## WHAT YOU WILL DO
The entries shown here must be retyped in full, with no pictures included.

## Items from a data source
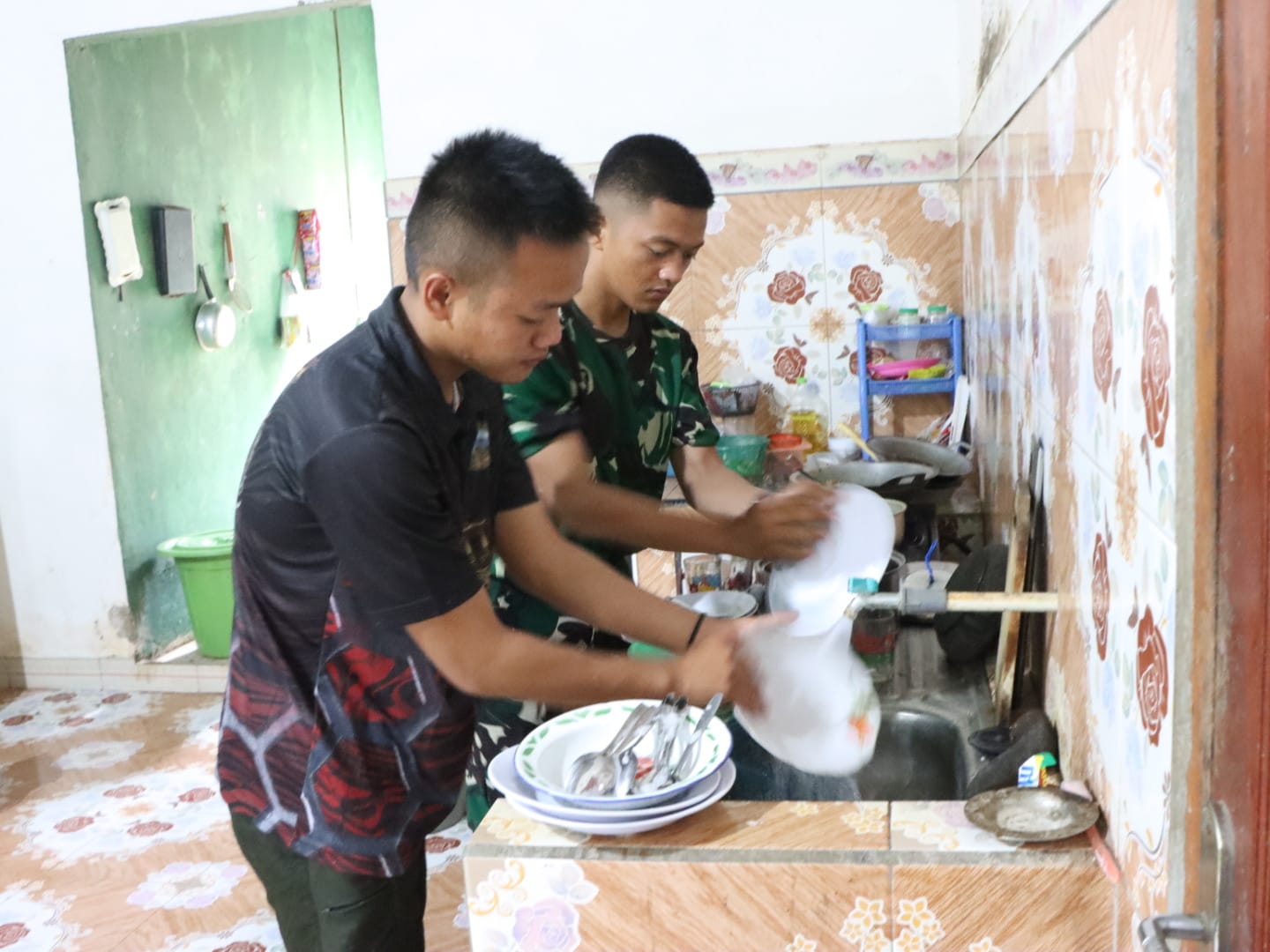 Sinergi TNI dan Masyarakat, Satgas TMMD 127 Bantu Tuan Rumah Bersihkan Peralatan Makan
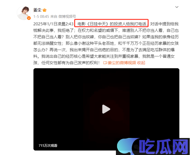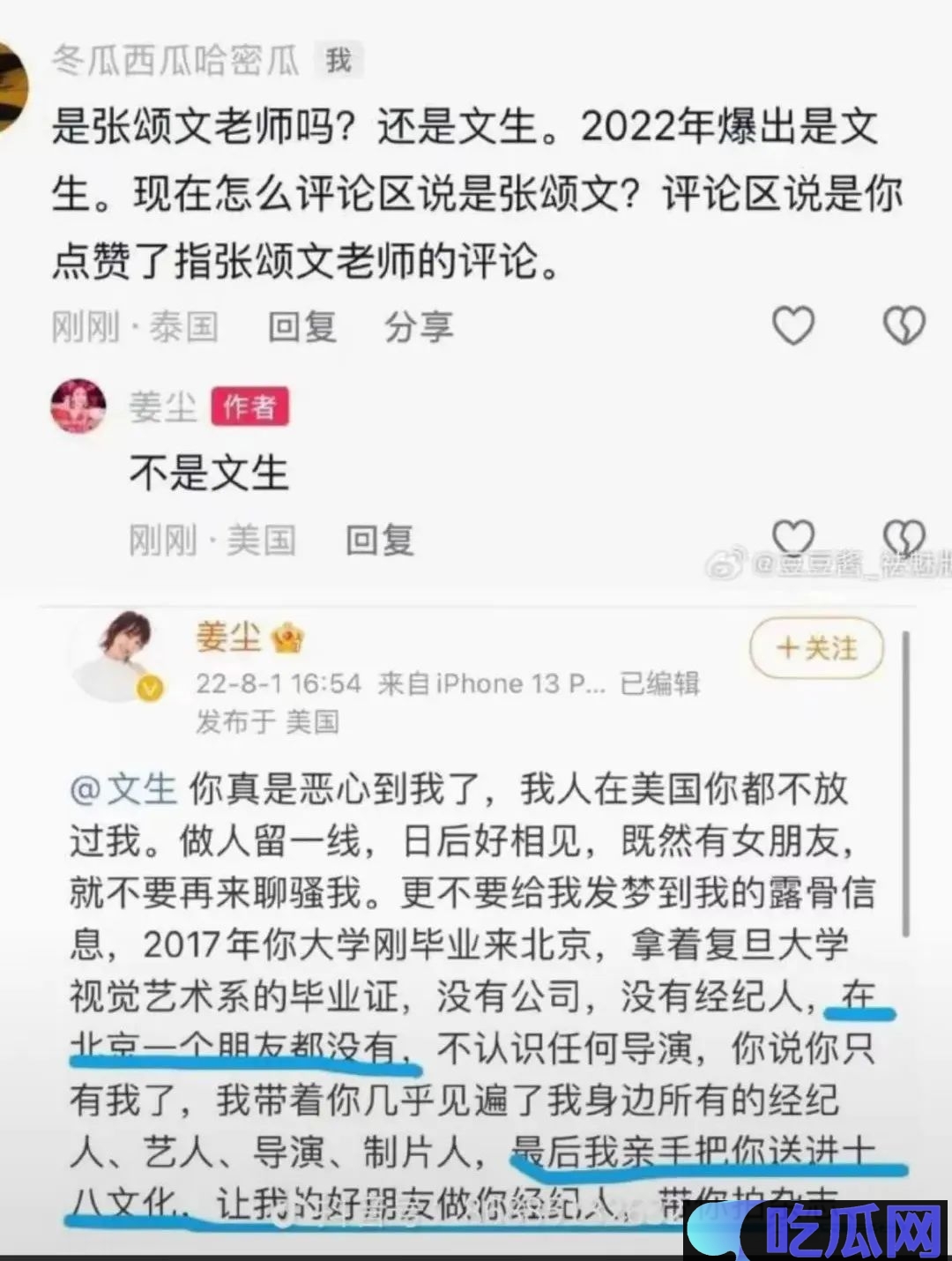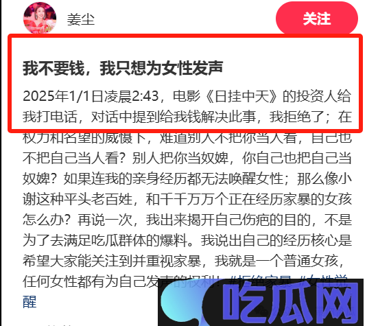 这位爆料人,名字叫姜尘,是一个40岁,移民美国的前演员。她在前段时间,先是暗示一位男明星曾经家暴他,在取得了一定的流量之后,她摊牌了。文章源自吃瓜网https://www.17gua.com/吃瓜网-https://www.17gua.com/109321.html
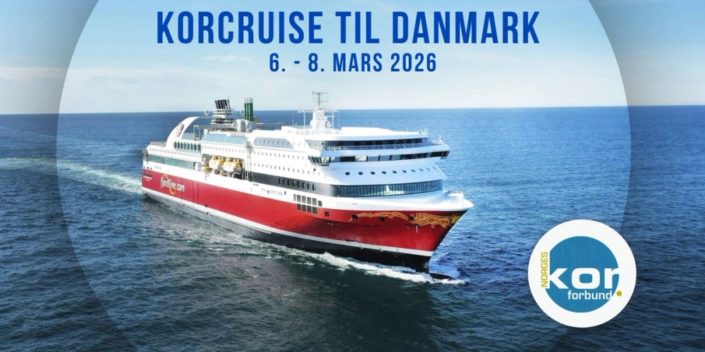 Sett av tiden for Korcruise til Danmark 6. - 8. mars 2026 med øvingshelg i forkant 14. - 15. februar. Jon Flydal Blichfeldt er med "korcruiskaptein" og dirigent.
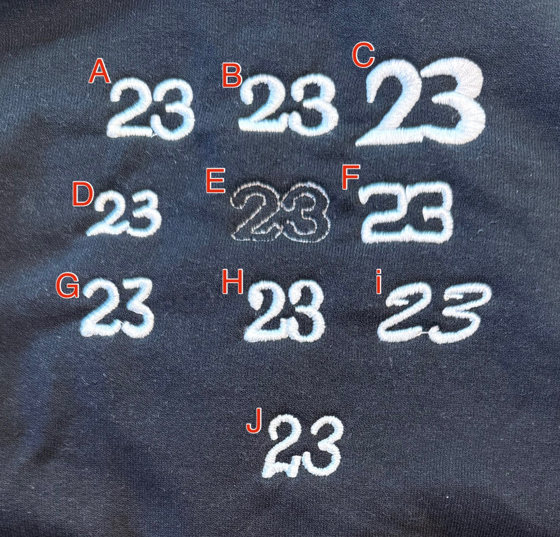 Player number embroidered
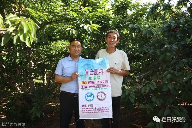 “芭田水溶2号(18-7-26)复肥水溶性好,冲施起来非常方便。产品中富含生物低温酶解深海海藻精华,樱桃用了之后,树的长势好,坐果率高;而且水溶2号复肥中还含有海洋矿物质可以给樱桃提供大量、优质、可吸收利用的海洋矿物质养分使得樱桃的含糖量高、果实硬度好、裂果少。”李佩胜表示。
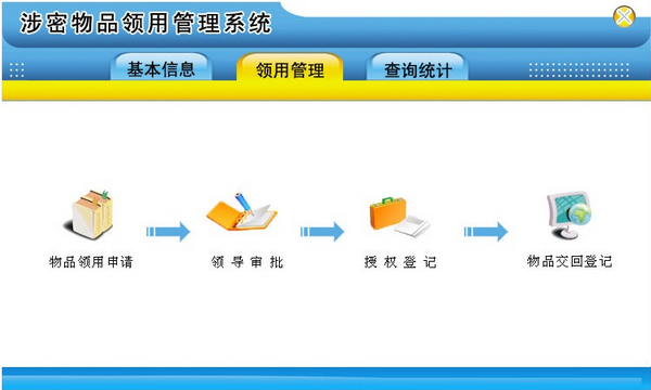 2、领用管理:物品领用申请、领导审批、授权登记、物品交回登记。
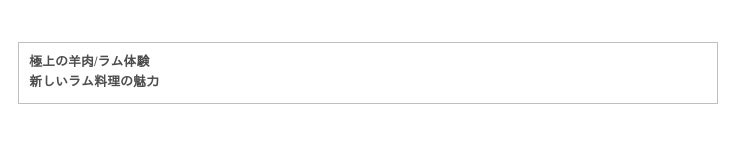 ※部位ごとのラム肉の美味しさを最大限に味わっていただく為、一部レアで提供する料理があります。
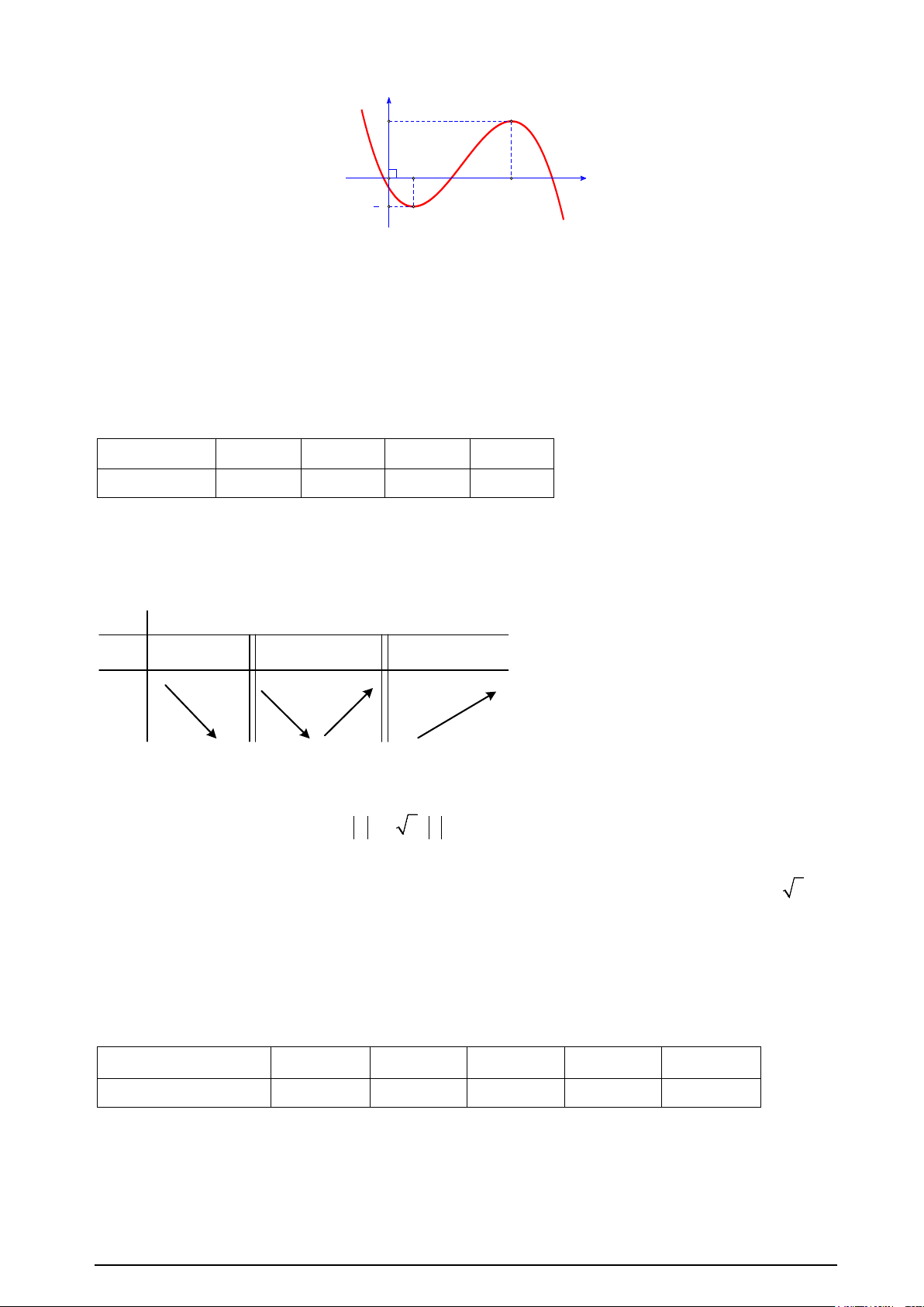 f x = ax + bx + cx + d  có đồ thị như hình vẽ. Giá trị cực tiểu của hàm số f (x)  bằng  y 2 1 x O 5 1   Mã đề 122  Trang 1/5   A. 5.   B. −1.   C. 1.   D. 2.

## OUTPUT FOR THIS TASK
 Sinergi TNI dan Masyarakat, Satgas TMMD 127 Bantu Tuan Rumah Bersihkan Peralatan Makan
 这位爆料人,名字叫姜尘,是一个40岁,移民美国的前演员。她在前段时间,先是暗示一位男明星曾经家暴他,在取得了一定的流量之后,她摊牌了。文章源自吃瓜网https://www.17gua.com/吃瓜网-https://www.17gua.com/109321.html
 Sett av tiden for Korcruise til Danmark 6. - 8. mars 2026 med øvingshelg i forkant 14. - 15. februar. Jon Flydal Blichfeldt er med "korcruiskaptein" og dirigent.
 Player number embroidered
 “芭田水溶2号(18-7-26)复肥水溶性好,冲施起来非常方便。产品中富含生物低温酶解深海海藻精华,樱桃用了之后,树的长势好,坐果率高;而且水溶2号复肥中还含有海洋矿物质可以给樱桃提供大量、优质、可吸收利用的海洋矿物质养分使得樱桃的含糖量高、果实硬度好、裂果少。”李佩胜表示。
 2、领用管理:物品领用申请、领导审批、授权登记、物品交回登记。
 ※部位ごとのラム肉の美味しさを最大限に味わっていただく為、一部レアで提供する料理があります。
 f x = ax + bx + cx + d  có đồ thị như hình vẽ. Giá trị cực tiểu của hàm số f (x)  bằng  y 2 1 x O 5 1   Mã đề 122  Trang 1/5   A. 5.   B. −1.   C. 1.   D. 2.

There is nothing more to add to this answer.